ORIGIN STORIES

Among the standard elements of the secret society toolkit from the seventeenth century to the present are romantic origin stories that link orders and degrees back to sources in the distant past. Secret societies, like many other organizations, benefit from making themselves look larger and more important than they actually are, and claims of a glorious history are one proven way to do this. The manufacture of origin stories combines with the equally common practice of retrospective recruitment to provide secret societies with a borrowed history more glamorous than their actual origins. See retrospective recruitment.

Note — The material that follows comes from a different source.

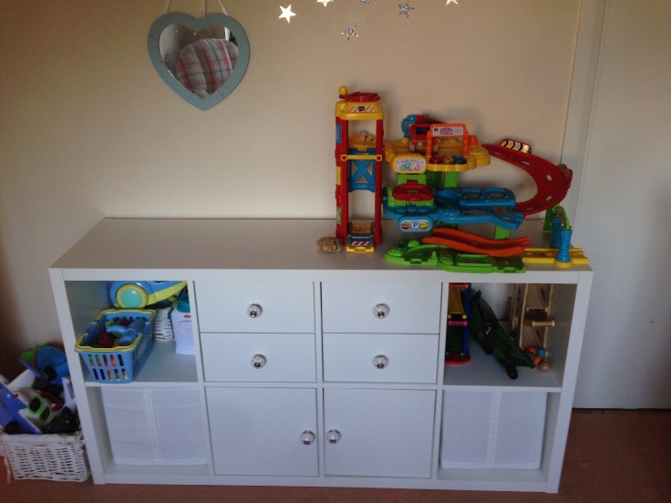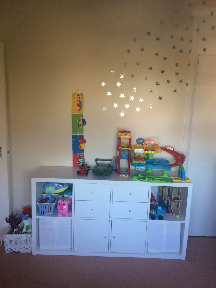 Update! I’ve changed the handles on the Kallax 🙂 grey and pink stars.

Some origin stories involve direct claims that a secret society descends from some powerful organization of the past. Alessandro Cagliostro’s Egyptian Rite, for example, claimed descent from rituals practiced in Egypt in the time of the pharaohs, just as each of the competing Rosicrucian societies in America in the 1920s and 1930s claimed to be the only valid offspring of the Rosicrucian order of sixteenth-century Germany. Other origin stories, however, borrow imagery or historical narratives without claiming direct descent. Many modern Druid orders, for instance, disclaim any connection to the ancient Celtic Druids but draw inspiration from them; in the same way, Masonic concordant bodies draw stories and symbols from a dizzying array of historical and legendary sources without making any claim that they derive from these sources. See Druids; Rosicrucians.

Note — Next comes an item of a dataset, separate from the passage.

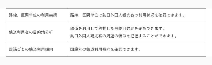 今回の対応により、訪日外国人観光客の鉄道利用パターンを把握できるようになるため、鉄道ネットワークの最適化や観光地周辺の交通対策、サービス向上のための施策検討などに、ご活用いただけます。自治体や交通事業者の方から寄せられていた「鉄道の利用が増えていることは分かっているが、利用者の行動が分からない」「乗車駅や降車駅が知りたい」といった課題に対し、解決の一助となればと思います。

One of the less impressive habits of the current alternative-history industry is its lack of awareness that origin stories are not the same thing as historical evidence. Several of the high degrees of the Ancient and Accepted Scottish Rite of Freemasonry, for example, include origin stories that date their foundation to the Holy Land during the Crusades. A number of popular books on the origins of Freemasonry have treated these stories as valid accounts of when and where the rituals in question were invented, and assumed that they represent ancient Scottish traditions. In fact, though, the Scottish Rite’s rituals were manufactured in eighteenth-century France, and the Rite did not reach Scotland at all until the 1830s, when it was imported from America. See Ancient and Accepted Scottish Rite (AASR).